Bio-Engineered Stents

Cardiologists focus on stents

By Clive Cookson
Published: September 7 2007 03:00 | Last updated: September 7 2007 03:00
The main issue at the European Society of Cardiology congress in Vienna this week was the safety of stents, tiny wire-mesh tubes used to prop open clogged arteries in heart patients. Debate raged about the safety of “drug-eluting stents”, which leak out drugs intended to help keep the vessels open but which are associated with serious side-effects.

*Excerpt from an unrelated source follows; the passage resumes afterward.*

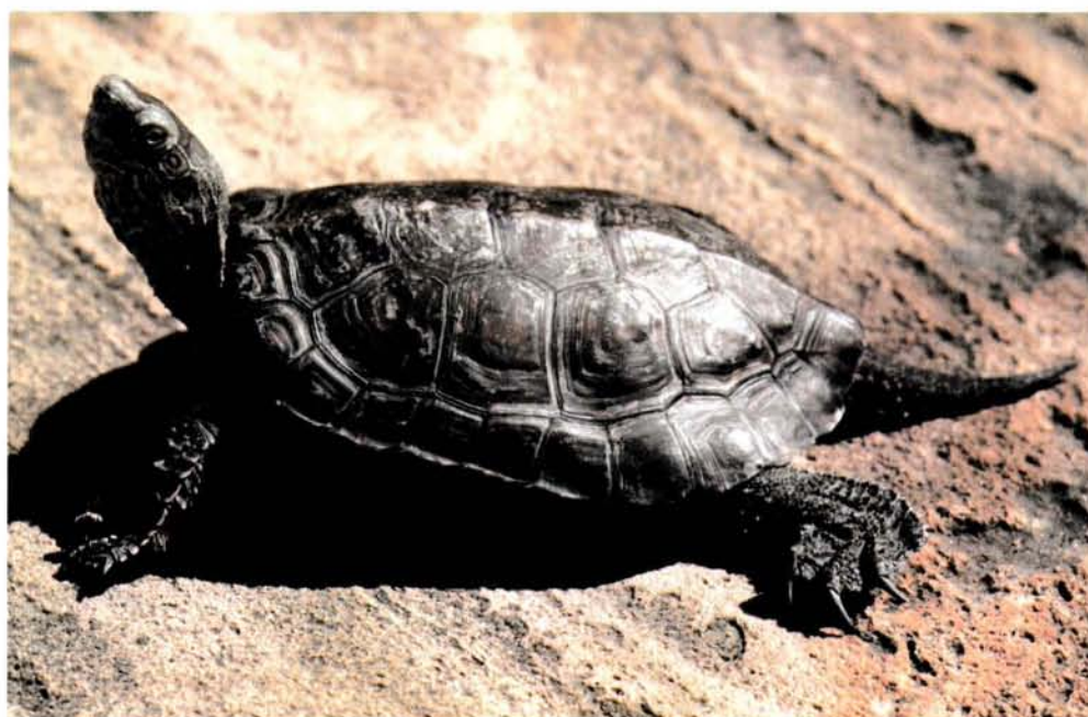
Fig. 3. Mauremys leprosa (Schweigger, 1812).

dos juvenils i s'observaren al menys tres juvenils més, el que fa pensar que existeix un petit nucli reproductor a la zona.

Some heart specialists are going back to the original “bare metal” stents. But Robbert de Winter, a senior cardiologist at the University of Amsterdam’s Academic Medical Centre, told the congress there was another alternative: bio-engineered stents that use biology rather than drugs to promote healing of the arteries.
Dr de Winter has been studying the effectiveness of the Genous bio-stents made by OrbusNeich, a medical technology company based in Hong Kong. These are coated with an antibody that captures the patient’s own endothelial progenitor cells, which circulate in the bloodstream and are involved in repairing blood vessels. The cells cover the stent, protecting against clotting and clogging of the artery. “Genous appears to have the same efficacy as drug-eluting stents but a better safety profile,” he said.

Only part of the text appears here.